02/04/2026
LA FLAGELACIÓN Y LA SENTENCIA DE MUERTE DE CRUZ
Pilato, el juez cobarde e injusto, más pendiente de sí que de hacer justicia, consintió el abuso del gentío. “Entonces tomó Pilato a Jesús y mandó que lo azotasen; y terminada la flagelación, los soldados del gobernador, tomaron a Jesús conduciéndole al Pretorio, reunieron en torno a Él toda la cohorte.
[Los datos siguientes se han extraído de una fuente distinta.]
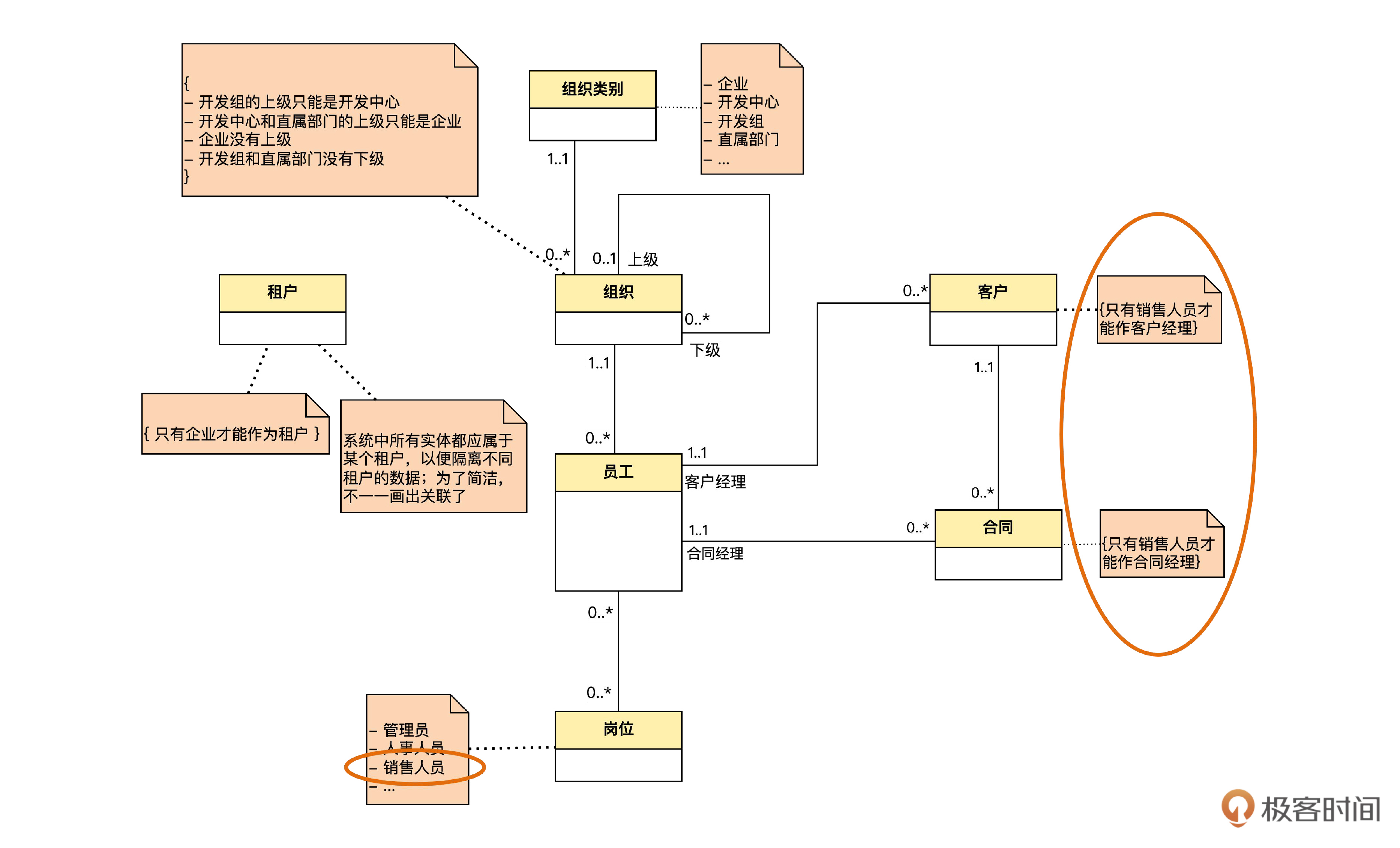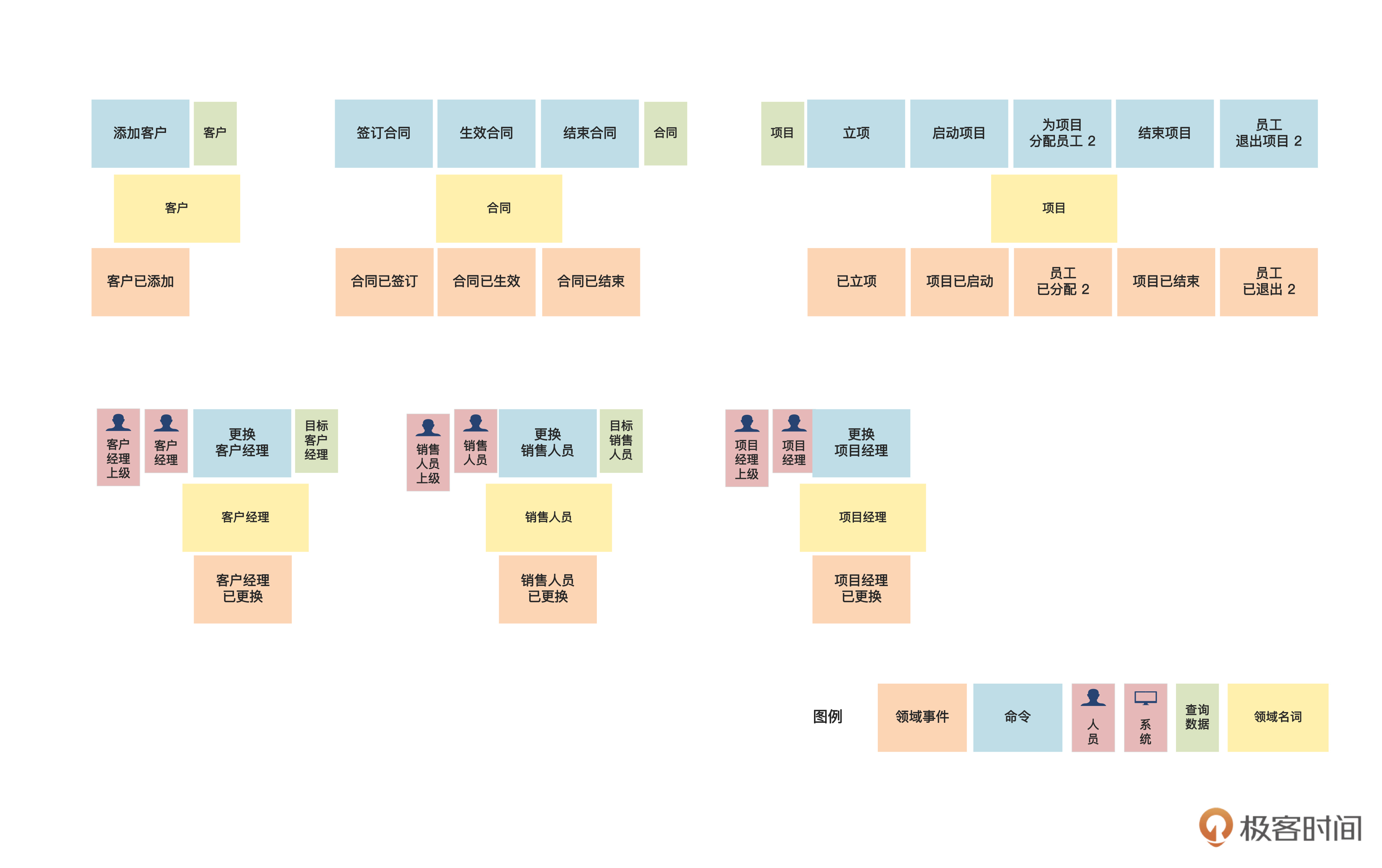 经过上面的梳理,我们已经把剩余的模型梳理得差不多了。但是,在事件风暴中咱们还遗留了一个问题:怎么处理客户经理上级、销售人员上级和项目经理上级这几个概念?现在看来,它们不太像是独立的实体,而更像是某种关系。

Y habiéndole quitado sus vestidos, le envolvieron en una clámide de grana, y trenzando una corona de espinas, la pusieron sobre su cabeza y una caña en la mano derecha, y doblando la rodilla delante de Él, se mofaban diciendo: ‘Salud, rey de los judíos’. Y escupiendo en Él, tomaron la caña y le daban golpes en la cabeza” (Mt. 27, 27; Mc. 15, 15; Jn. 19, 1).
En el lamentable estado que los azotes y la coronación de espinas habían dejado a Jesús, unidos a la mofa y burla de la soldadesca, le toma Pilato y se dirige a la muchedumbre:
—Ved, os lo traigo fuera, para que conozcáis que no hallo en Él delito alguno.
Y presentando a Jesús, les dice:
—Ecce Homo (Ved aquí al hombre).
Al verlo, los pontífices y los ministros comenzaron a gritar, diciendo:
—¡Crucifícale, crucifícale!
Pilato les respondió:
—Tomadle vosotros y crucificadle, porque yo no hallo en Él causa ninguna.
Los judíos respondieron:
—Nosotros tenemos ley y según nuestra ley debe morir, porque se ha hecho Hijo de Dios.
Vuelve Pilato de nuevo a interrogar a Jesús, a solas, dentro del Pretorio:
—¿De dónde eres tú?
Pero Jesús no le dio respuesta ninguna.
Pilato, irritado, le dice:
—¿A mí no me hablas? ¿No sabes que tengo poder para crucificarte y poder para soltarte?
Entonces es cuando Jesús responde, con aquellas admirables palabras:
—No tendrías sobre mí poder ninguno, si no te hubiera sido dado de arriba. Por eso, el que me ha entregado a ti tiene mayor culpa.
A consecuencia de esto, los esfuerzos de Pilato se redoblaban, tendiendo a librarle. Pero los judíos gritaban diciendo:
—Si sueltas a éste no eres amigo del César, pues todo el que se hace rey se declara contra el César.
Este argumento debió pesar mucho en el ánimo de Pilato y, viendo ya que nada adelantaba, sino que arrecía el motín, tomando agua se lavó las manos en presencia de la muchedumbre, diciendo:
—Soy inocente de esta sangre. Vosotros lo veréis.
Y respondiendo todo el pueblo, dijo:
—Sea su sangre sobre nosotros y sobre nuestros hijos.
Era la Parasceve o preparación para la Pascua, cerca de la hora sexta, y dijo Pilato a los judíos:
—He aquí a vuestro rey.
Respondieron los pontífices diciendo:
—No tenemos más rey que al César.
Y entonces Pilato se lo entregó para que fuera crucificado (Mt. 27, 24 y ss.; Jn. 19, 16).
Con esto el proceso de Jesús quedó terminado. Y el mismo ha quedado magníficamente grabado en el celuloide en la película La Pasión de Cristo, estrenada en la Semana Santa de 2004, obra de Mel Gibson, cuya dureza -muy similar a la real- fue criticada por aquellos a los que no les irritan otras películas “irreales” de peores escenas que se ven.
El proceso a Nuestro Señor se plantearon muchas cuestiones.
En la primera presentación de Jesús ante Pilato, dos preguntas le hace éste, en su condición de juez. A la primera —“¿Tú eres el rey de los judíos?”— contesta Jesús con la afirmación. A la segunda, hecha en público —“¿No ves de cuántas cosas te acusan?”— Jesús responde con el silencio.
En la segunda presentación fueron tres las preguntas extrajudiciales que decidieron la causa de Jesús ante el tribunal humano: —“¿A quién queréis que os suelte?”, “¿qué queréis que haga de Jesús?”, “¿qué mal ha hecho?”—. Por tres veces responde el pueblo judío, azuzado por sus jefes, demandando la libertad para un asesino confeso y la crucifixión del inocente.
Antes de pronunciar la sentencia, el juez presenta el problema de la responsabilidad. Pilato, hipócritamente, trata de esquivarla.